Find the line containing "T6陣營(TCL、創(chu" in the records below. Copy exactly that line and each one after it, ending at the line containing "Круглый шнур Simonetta", and nothing more.

☆ ☆ ☆ ☆ ☆ ☆ ☆

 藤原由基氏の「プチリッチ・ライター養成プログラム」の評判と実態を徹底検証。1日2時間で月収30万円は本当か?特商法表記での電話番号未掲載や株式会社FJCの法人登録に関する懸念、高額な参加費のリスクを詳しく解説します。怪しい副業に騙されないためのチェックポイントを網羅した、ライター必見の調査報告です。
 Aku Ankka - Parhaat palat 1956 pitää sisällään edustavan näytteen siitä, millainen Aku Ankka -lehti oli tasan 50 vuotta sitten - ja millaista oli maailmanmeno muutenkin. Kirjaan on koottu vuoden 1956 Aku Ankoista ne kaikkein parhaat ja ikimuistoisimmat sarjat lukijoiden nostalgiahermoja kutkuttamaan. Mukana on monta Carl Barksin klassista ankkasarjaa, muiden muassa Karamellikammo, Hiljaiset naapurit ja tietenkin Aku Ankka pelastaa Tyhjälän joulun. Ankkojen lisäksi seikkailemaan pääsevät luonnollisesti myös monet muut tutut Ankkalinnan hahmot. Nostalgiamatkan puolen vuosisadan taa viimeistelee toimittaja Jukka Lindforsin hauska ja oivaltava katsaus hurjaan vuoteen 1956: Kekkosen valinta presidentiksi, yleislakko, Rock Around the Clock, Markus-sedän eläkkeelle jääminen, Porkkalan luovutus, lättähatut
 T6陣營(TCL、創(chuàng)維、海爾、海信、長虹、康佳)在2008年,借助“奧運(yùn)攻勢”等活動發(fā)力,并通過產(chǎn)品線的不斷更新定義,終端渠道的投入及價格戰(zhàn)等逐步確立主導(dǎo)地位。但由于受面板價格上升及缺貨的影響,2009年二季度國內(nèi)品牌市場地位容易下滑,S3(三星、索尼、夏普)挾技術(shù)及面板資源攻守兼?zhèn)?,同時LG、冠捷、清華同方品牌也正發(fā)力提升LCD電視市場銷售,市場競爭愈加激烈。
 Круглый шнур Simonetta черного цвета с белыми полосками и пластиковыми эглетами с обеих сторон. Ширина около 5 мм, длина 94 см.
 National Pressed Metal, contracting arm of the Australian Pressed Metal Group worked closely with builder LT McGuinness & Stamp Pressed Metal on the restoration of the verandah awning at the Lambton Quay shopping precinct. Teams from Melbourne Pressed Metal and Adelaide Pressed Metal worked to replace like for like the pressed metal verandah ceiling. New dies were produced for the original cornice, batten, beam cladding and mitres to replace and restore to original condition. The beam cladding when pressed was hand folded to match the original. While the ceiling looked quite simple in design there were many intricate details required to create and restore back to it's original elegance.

☆ ☆ ☆ ☆ ☆ ☆ ☆

• Completed exercise
 T6陣營(TCL、創(chuàng)維、海爾、海信、長虹、康佳)在2008年,借助“奧運(yùn)攻勢”等活動發(fā)力,并通過產(chǎn)品線的不斷更新定義,終端渠道的投入及價格戰(zhàn)等逐步確立主導(dǎo)地位。但由于受面板價格上升及缺貨的影響,2009年二季度國內(nèi)品牌市場地位容易下滑,S3(三星、索尼、夏普)挾技術(shù)及面板資源攻守兼?zhèn)?,同時LG、冠捷、清華同方品牌也正發(fā)力提升LCD電視市場銷售,市場競爭愈加激烈。
 Круглый шнур Simonetta черного цвета с белыми полосками и пластиковыми эглетами с обеих сторон. Ширина около 5 мм, длина 94 см.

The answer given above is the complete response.